| TASK |
Skip the pictures and write out, word for word, the lines below from the one with "For all dreamers" through the one with "Gyermely, Római Katolikus", inclusive.

| EXTRACTED RECORDS |
━━━━━━━━━━
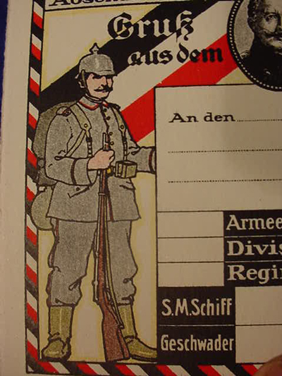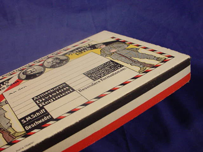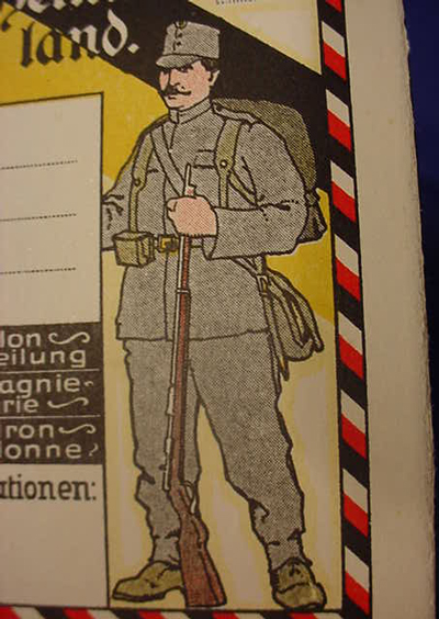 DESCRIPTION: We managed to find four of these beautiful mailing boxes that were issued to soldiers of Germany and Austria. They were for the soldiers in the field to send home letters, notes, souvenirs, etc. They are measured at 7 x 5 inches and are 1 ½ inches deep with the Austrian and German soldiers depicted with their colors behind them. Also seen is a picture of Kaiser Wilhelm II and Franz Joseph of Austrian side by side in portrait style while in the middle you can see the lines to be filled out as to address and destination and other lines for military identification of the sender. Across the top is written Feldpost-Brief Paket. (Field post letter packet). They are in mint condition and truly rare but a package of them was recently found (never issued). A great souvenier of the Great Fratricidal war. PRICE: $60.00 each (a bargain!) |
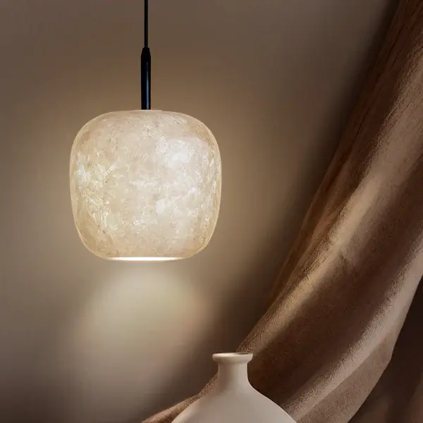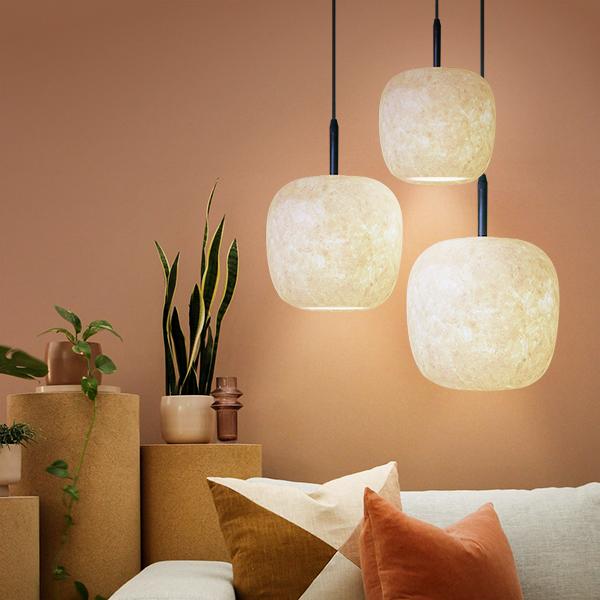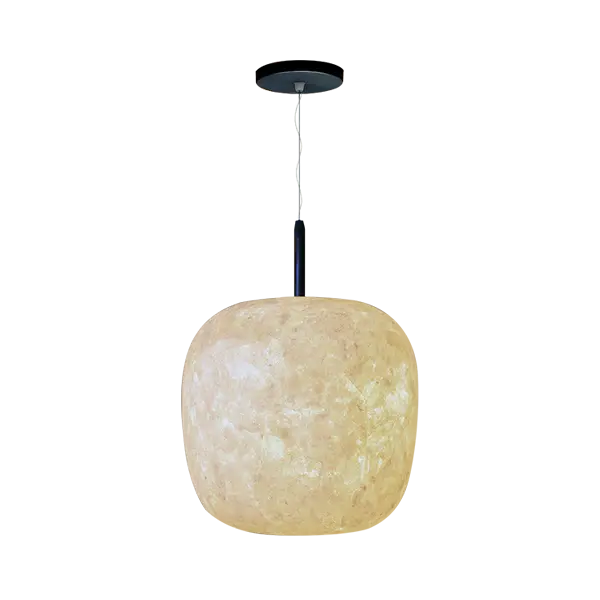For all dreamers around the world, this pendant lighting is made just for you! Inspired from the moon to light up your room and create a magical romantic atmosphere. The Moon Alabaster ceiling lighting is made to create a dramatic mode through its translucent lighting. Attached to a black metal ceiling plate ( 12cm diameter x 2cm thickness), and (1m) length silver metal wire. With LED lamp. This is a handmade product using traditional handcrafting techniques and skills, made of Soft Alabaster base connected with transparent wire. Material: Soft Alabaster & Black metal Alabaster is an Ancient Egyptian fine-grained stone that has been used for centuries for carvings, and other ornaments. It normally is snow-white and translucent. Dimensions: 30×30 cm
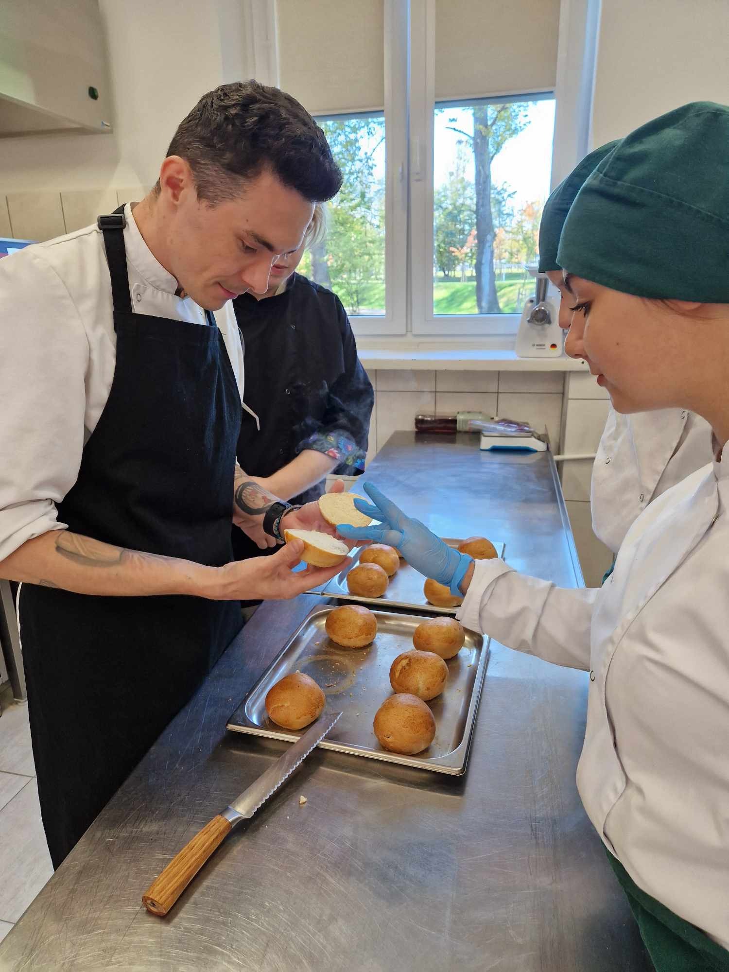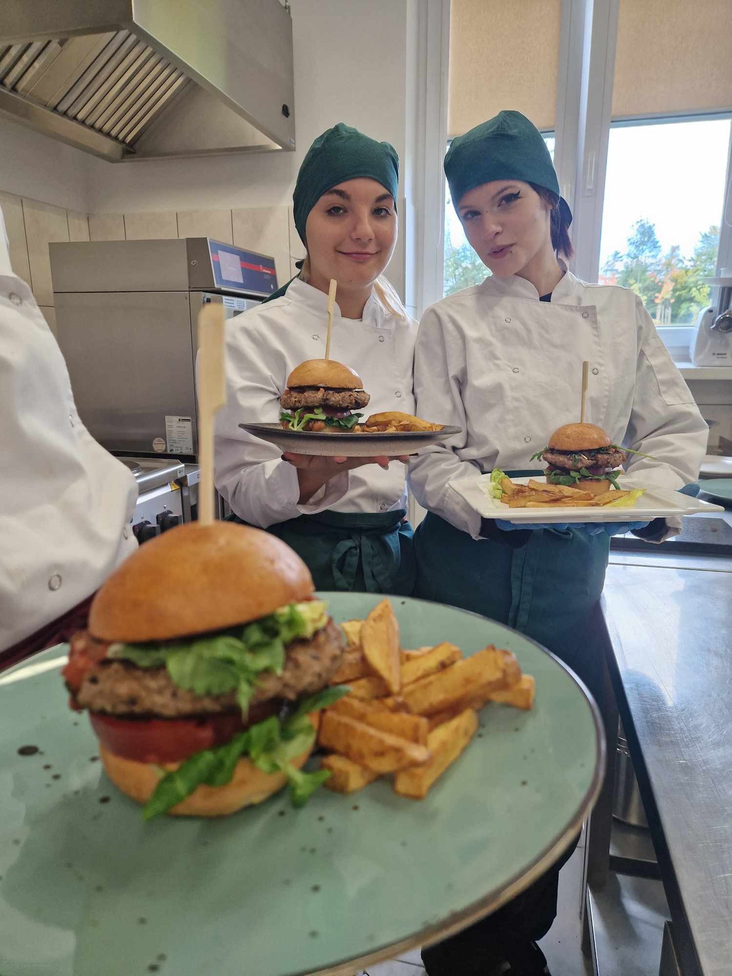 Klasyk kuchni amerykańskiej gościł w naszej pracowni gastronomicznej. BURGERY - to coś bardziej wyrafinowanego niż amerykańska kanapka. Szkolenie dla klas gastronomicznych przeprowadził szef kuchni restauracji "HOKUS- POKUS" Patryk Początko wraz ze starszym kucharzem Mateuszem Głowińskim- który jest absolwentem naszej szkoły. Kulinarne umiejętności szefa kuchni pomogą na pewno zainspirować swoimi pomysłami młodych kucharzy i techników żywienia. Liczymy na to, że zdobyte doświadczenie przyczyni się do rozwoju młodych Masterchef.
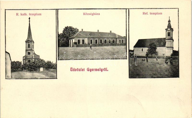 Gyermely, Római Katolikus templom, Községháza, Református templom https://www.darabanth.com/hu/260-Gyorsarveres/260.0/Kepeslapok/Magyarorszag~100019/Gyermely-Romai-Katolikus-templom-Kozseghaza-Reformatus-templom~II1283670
━━━━━━━━━━
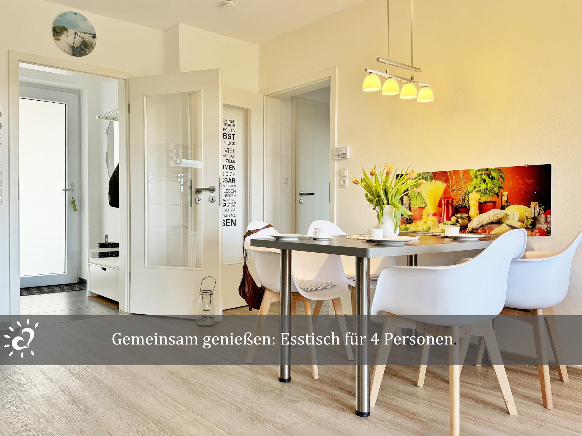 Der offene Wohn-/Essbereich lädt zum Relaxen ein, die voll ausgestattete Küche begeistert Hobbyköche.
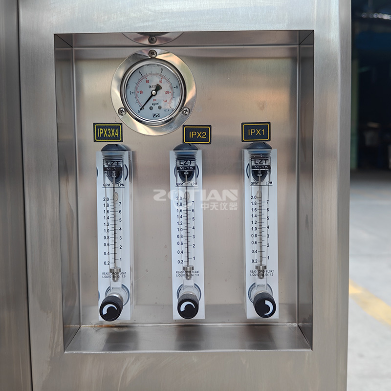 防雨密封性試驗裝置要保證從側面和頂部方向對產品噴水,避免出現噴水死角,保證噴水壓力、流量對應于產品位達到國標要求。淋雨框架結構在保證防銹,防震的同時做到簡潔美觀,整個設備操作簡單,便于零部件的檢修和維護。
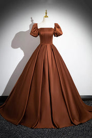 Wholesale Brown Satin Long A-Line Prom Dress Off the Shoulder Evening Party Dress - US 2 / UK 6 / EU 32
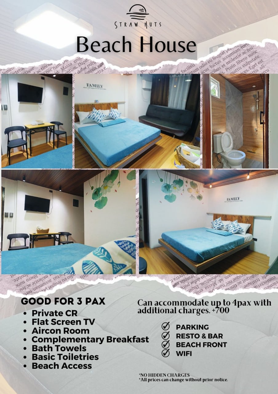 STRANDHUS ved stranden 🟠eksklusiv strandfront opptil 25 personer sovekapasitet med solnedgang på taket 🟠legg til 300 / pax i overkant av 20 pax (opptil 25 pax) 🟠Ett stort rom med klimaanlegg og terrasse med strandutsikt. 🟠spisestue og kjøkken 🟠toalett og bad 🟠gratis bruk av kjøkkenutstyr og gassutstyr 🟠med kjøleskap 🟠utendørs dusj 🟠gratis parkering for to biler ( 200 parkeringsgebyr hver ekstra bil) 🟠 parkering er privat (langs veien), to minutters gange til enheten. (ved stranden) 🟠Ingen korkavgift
━━━━━━━━━━
| EXERCISE SOLUTION |
For all dreamers around the world, this pendant lighting is made just for you! Inspired from the moon to light up your room and create a magical romantic atmosphere. The Moon Alabaster ceiling lighting is made to create a dramatic mode through its translucent lighting. Attached to a black metal ceiling plate ( 12cm diameter x 2cm thickness), and (1m) length silver metal wire. With LED lamp. This is a handmade product using traditional handcrafting techniques and skills, made of Soft Alabaster base connected with transparent wire. Material: Soft Alabaster & Black metal Alabaster is an Ancient Egyptian fine-grained stone that has been used for centuries for carvings, and other ornaments. It normally is snow-white and translucent. Dimensions: 30×30 cm
 Klasyk kuchni amerykańskiej gościł w naszej pracowni gastronomicznej. BURGERY - to coś bardziej wyrafinowanego niż amerykańska kanapka. Szkolenie dla klas gastronomicznych przeprowadził szef kuchni restauracji "HOKUS- POKUS" Patryk Początko wraz ze starszym kucharzem Mateuszem Głowińskim- który jest absolwentem naszej szkoły. Kulinarne umiejętności szefa kuchni pomogą na pewno zainspirować swoimi pomysłami młodych kucharzy i techników żywienia. Liczymy na to, że zdobyte doświadczenie przyczyni się do rozwoju młodych Masterchef.
 Gyermely, Római Katolikus templom, Községháza, Református templom https://www.darabanth.com/hu/260-Gyorsarveres/260.0/Kepeslapok/Magyarorszag~100019/Gyermely-Romai-Katolikus-templom-Kozseghaza-Reformatus-templom~II1283670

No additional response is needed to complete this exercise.